Is there a way to implement listFiltered dimensionSpec equivalent in SQL

Hi All,

I have a multi value dimension field in druid.
And I use SQL queries to retrieve the data.

I want to filter the multi-value field after grouping on it.
As per the documentation : https://druid.apache.org/docs/latest/querying/multi-value-dimensions.html

“dimensions”: [ { “type”: “listFiltered”, “delegate”: { “type”: “default”, “dimension”: “tags”, “outputName”: “tags” }, “values”: [“t3”] } ]

listFiltered type can be used to filter the multi-value dimensions in native queries.

Can this be achieved in the sql queries?

I’m asking the same question:
the dimensionSpec are useful, how can we use it in the SQL world?
Thanks!

Multi-value strings

Druid’s native type system allows strings to potentially have multiple values.

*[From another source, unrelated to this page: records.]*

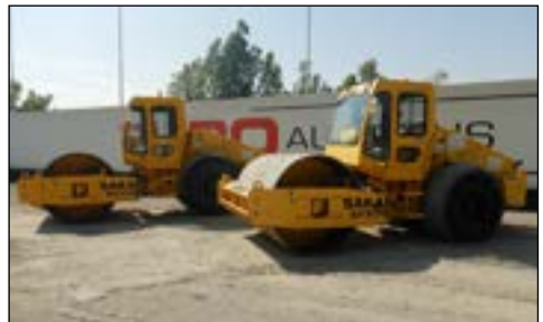
Sakai Single Drum Vibrating Roller - choice
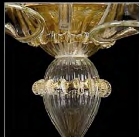
CRYSTAL AND GOLD
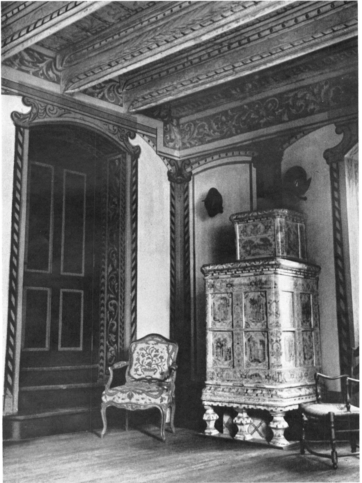
La salle des chevaliers de St-Jean, rénovée au XVII e siècle, par le commandeur Cordon d'Evieu probablement, est digne désormais d'accueillir comme autrefois des visites illustres.
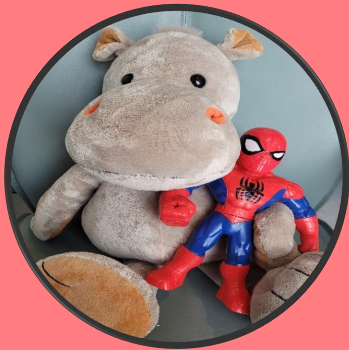
Ha bamse på fanget

Her er noen lure ting du kan gjøre når du skal få sonde. Hva har du lyst å gjøre?
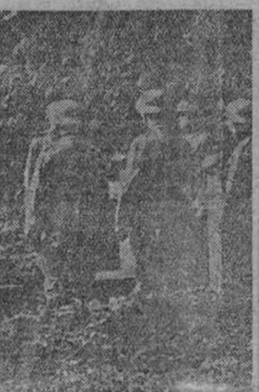
El almirante Raeder, jefe de la flota alemana, examina un cañón cogido a los polacos por las fuerzas de desembarco del "Schleswig-Holstein", que operaron en el puerto de Gdynia.

BERLIN 29. (De la redacción de la agencia Efe en Berlín.)
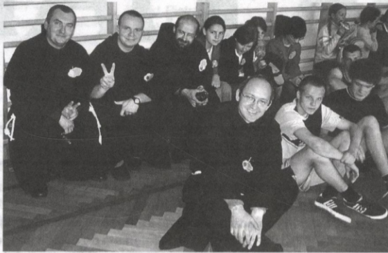
Duszpasterze franciszkańscy z podopiecznymi.

Franciszkańska radość i smakowity węgierski bograccz, zacięta rywalizacja i pojednanie przy kotle z gołąbkami, zakonnicy w strojach piłkarskich i młodzi sportowcy w konkurencjach budzących dreszcz emocji. Okazją do tych wydarzeń było święto młodych w Sanoku.

These multi-value string dimensions will be reported in SQL as VARCHAR typed, and can be syntactically used like any other VARCHAR. Regular string functions that refer to multi-value string dimensions will be applied to all values for each row individually. Multi-value string dimensions can also be treated as arrays via special multi-value string functions, which can perform powerful array-aware operations.

Grouping by a multi-value expression will observe the native Druid multi-value aggregation behavior, which is similar to the UNNEST functionality available in some other SQL dialects. Refer to the documentation on multi-value string dimensions for additional details.

https://druid.apache.org/docs/latest/querying/sql.html#multi-value-strings

https://druid.apache.org/docs/latest/querying/sql.html#multi-value-string-functions

Based on this, I think you can use a WHERE or HAVING clause using the multi-value-string-functions, but I haven’t tried it myself.

Hi Rachel,

Thank you for your reply!
In my use case, I’m more focused on the usage of Lookup DimensionSpecs and Extraction DimensionSpec on regular string dimensions.
In my native query, I can put such a json into the Dimension, to treat US as US, and treat any other countries to be other before the aggregation.
So even though I have 200 countries in my dataset, when I group by country using this lookup dimensionSpec, I get only 2 groups in my output: the US and the other.
{
“type”: “lookup”,
“dimension”: “country”,
“outputName”: “country”,
“replaceMissingValueWith”: “other”,
“retainMissingValue”: false,
“lookup”: {
“type”: “map”,
“map”: {
“US”: “US”
},
“isOneToOne”: false
}
}

and Extraction DimensionSpec is even more flexible than Lookup DimensionSpecs. Are these functions also support in SQL? Or for now, it’s a native-only function?
Thanks!

How about using a MV_CONTAINS(arr,expr) in a CASE statement. You can also use lookups in SQL.

https://druid.apache.org/docs/latest/querying/sql.html#string-functions

I don’t have a multivalue data set to try it on, so this is just brainstorming.